Johnson explained how his inspectors perform their inspections:

  1. When the inspector arrives, they will sit down with your operator first. Together, they will talk about the establishment’s menu and what its processes are. This helps to start everything off with a common understanding; and the inspector will know more about your establishment and how it is run.
  2. Then, there will be a tour of the facility. A great way to help the inspector to truly understand how your establishment is run is to treat them like a new employee. In fact, Vern often instructs managers, “Treat us like we’re a new employee and you’re explaining how you do this thing called food safety and food service.” Teach them how you do things. As you go throughout the facility, there may be some violations or gaps in safety. But, believe it or not, inspectors do not wear violations as a badge of honor. They want to help you!
  3. The inspector will then point out issues and suggest ways to improve your establishment’s food safety. Your programs may be working wonderfully, but there might be just a few things that your staff missed. The inspector can help you find those things and work with you to resolve the issues. Working with your inspector can improve your business and keep your customers safe.

The best thing to know about inspectors is, “They don’t expect perfection.” They understand the demands of foodservice. What they want to know is: are your programs working? Is your food staying safe? When you keep this in mind, an inspection isn’t a test. It is a check-up to make sure that everything is going well. If there is something that needs to be changed, it doesn’t mean that you have failed. Simply, it is an invitation to improve, which will ultimately make your food safer and your customers happier.

Help You Help Yourself
An inspection isn’t the beginning or end of food safety. As Johnson says, “What you do when we’re not there is more important than when we are there.” An inspector’s goal is to help you help yourself and your team. A good inspector will invite you to consider issues on your own, before offering solutions. During your next inspection, try to think of solutions to problems the inspector points out before they offer answers. Your inspector can help improve the safety of your establishment.

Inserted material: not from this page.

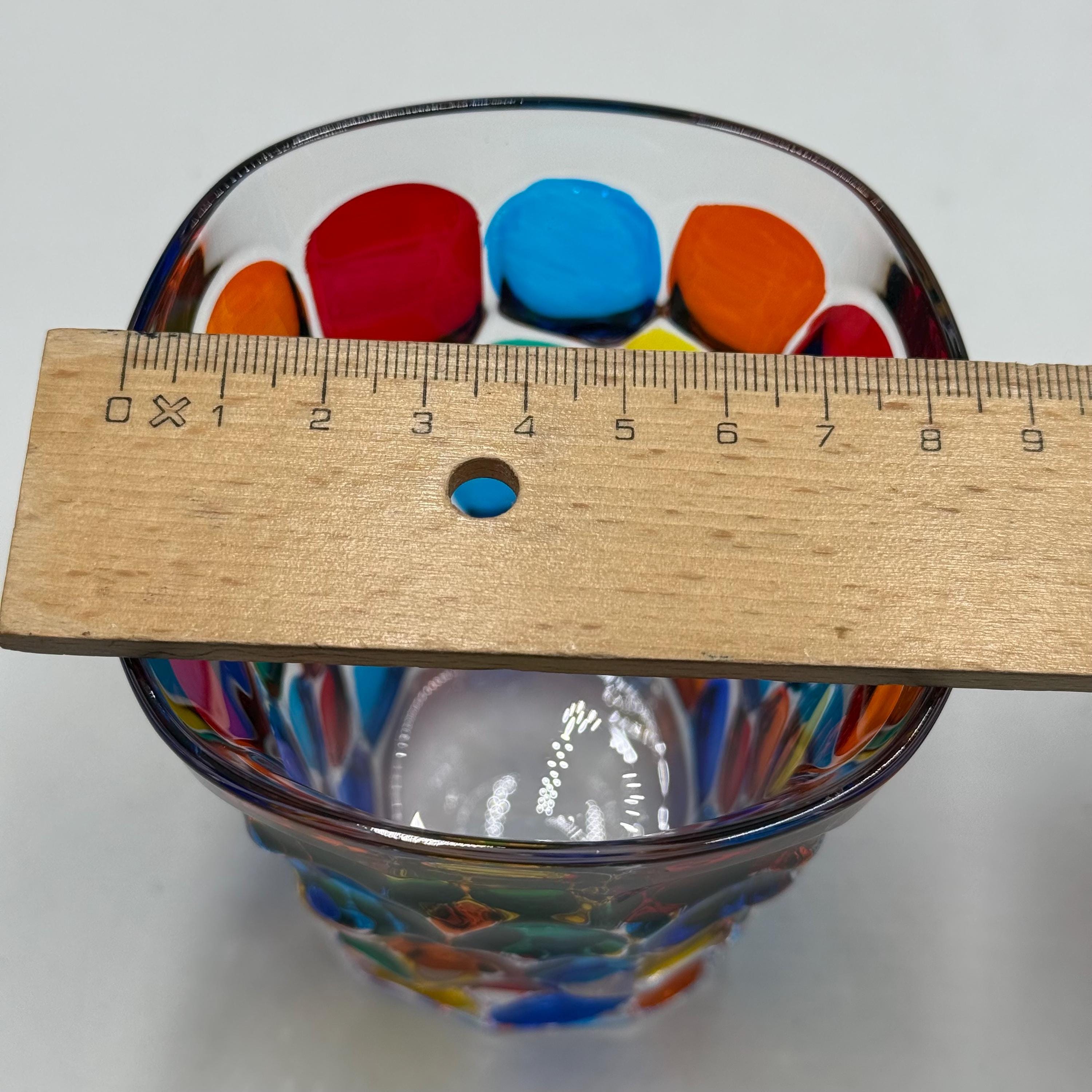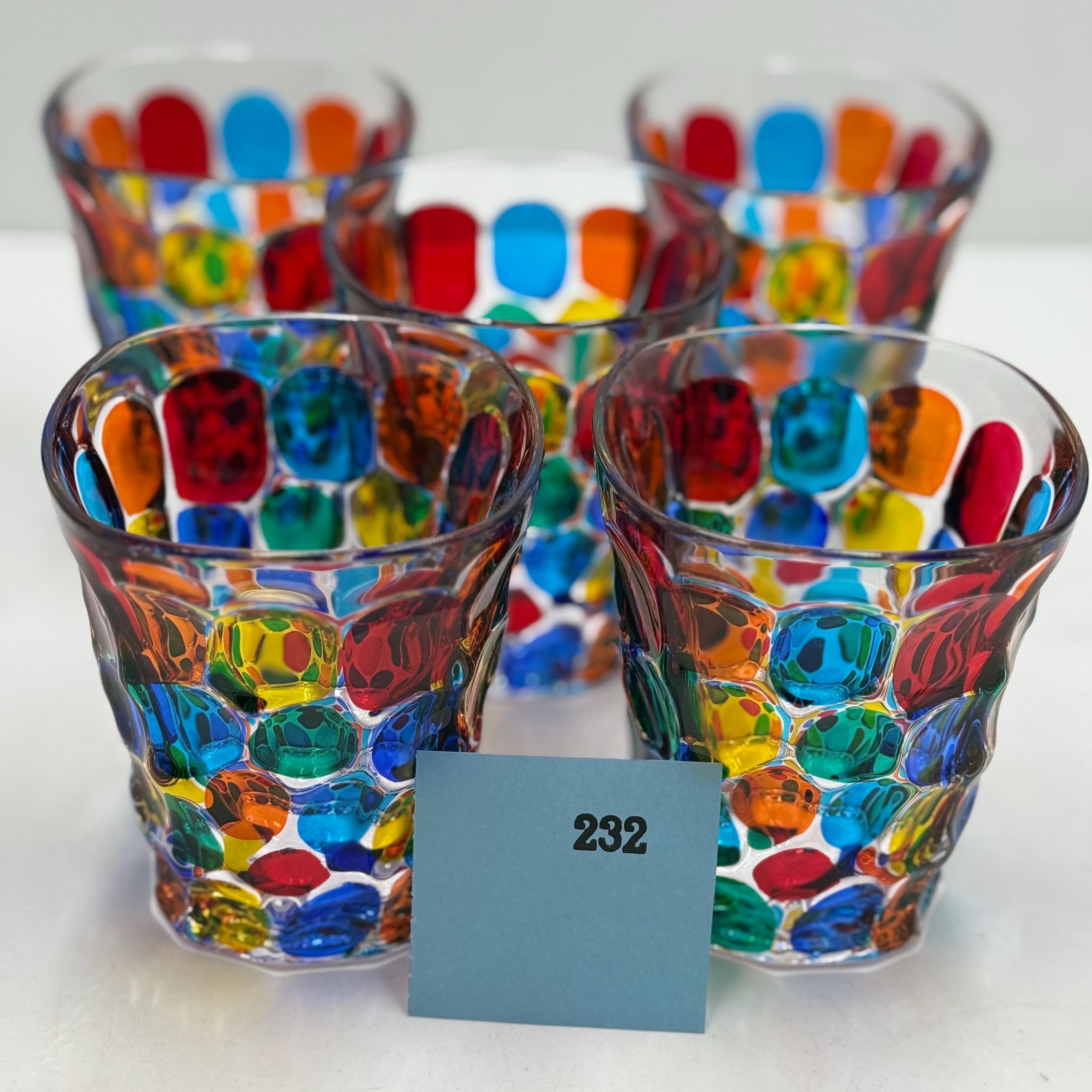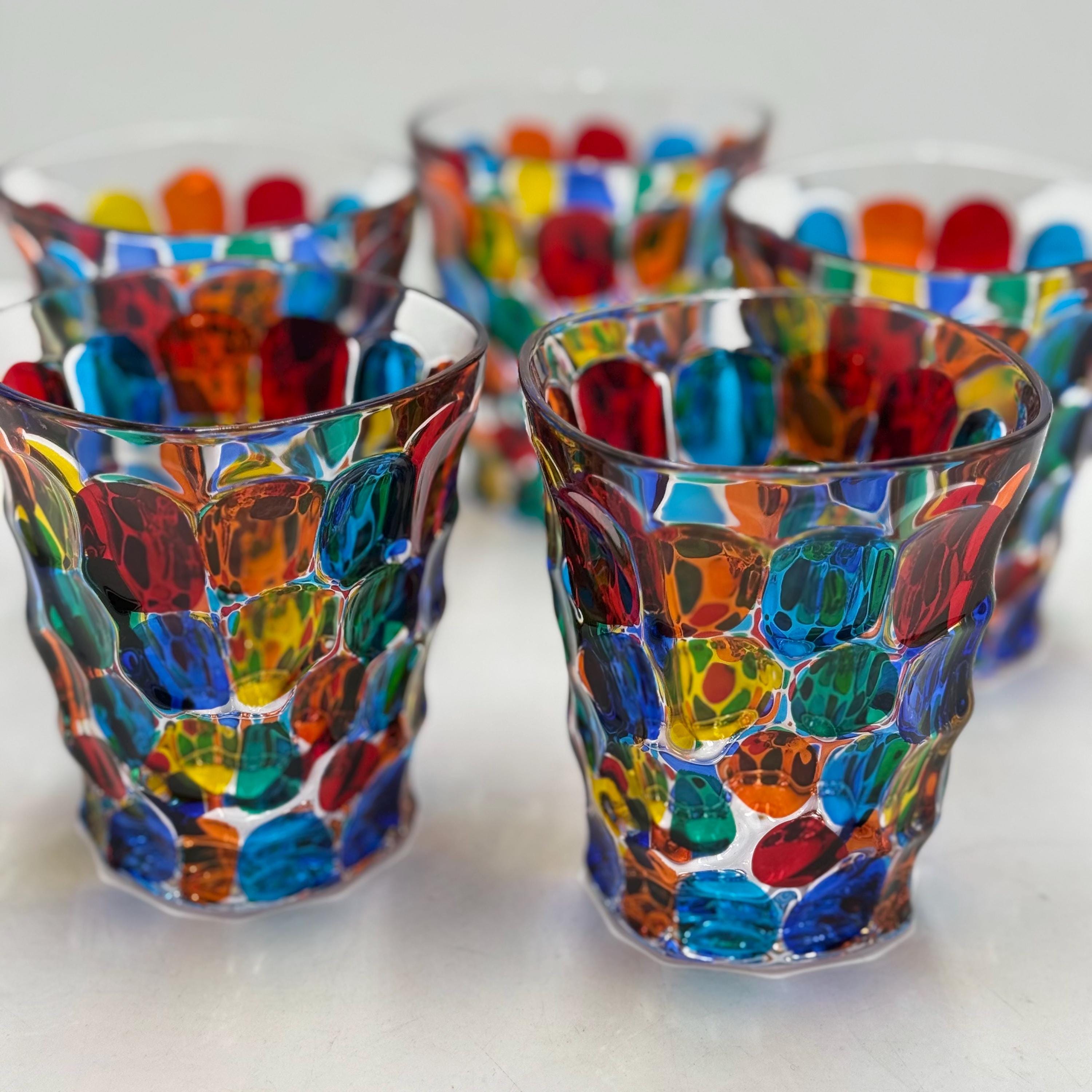 Murano decorations 5 glasses decorated by the Zecchin glassworks according to the ancient technique of the Murano decorators Italian glass decoration various colors.

Johnson talks about one experience of helping a team. An owner asked if Johnson would come to one of their staff meetings to explain some issues and offer solutions. Johnson agreed, but wanted them to find their own solutions. He states, “I point out some issues and let them solve their own issues that fit into their own systems.” It is much more effective for you to work together as a team to figure out solutions to the problems you’re having. You know your procedures and systems best! And when you and your team work together, it’s much more likely that these new solutions will work—and continue to work.

Health inspectors can also help you manage your resources. If you have questions, especially about opening a new location or even starting from scratch, they know what the local requirements are. Many health departments welcome owners and operators coming into their office and asking questions. In fact, they may help you navigate all of the forms and documents necessary to run a food establishment. And although it’s not their first and foremost job, they may be able to point you in the right direction for approved suppliers, certain locations, and more. Inspectors want you to succeed!

If Johnson had one thing to say to food managers and workers, it would be this: “Our goal is not to shut down restaurants. Our goal is to find things right. Our mutual goal is to lower food risks. Everyone wins when we achieve that.”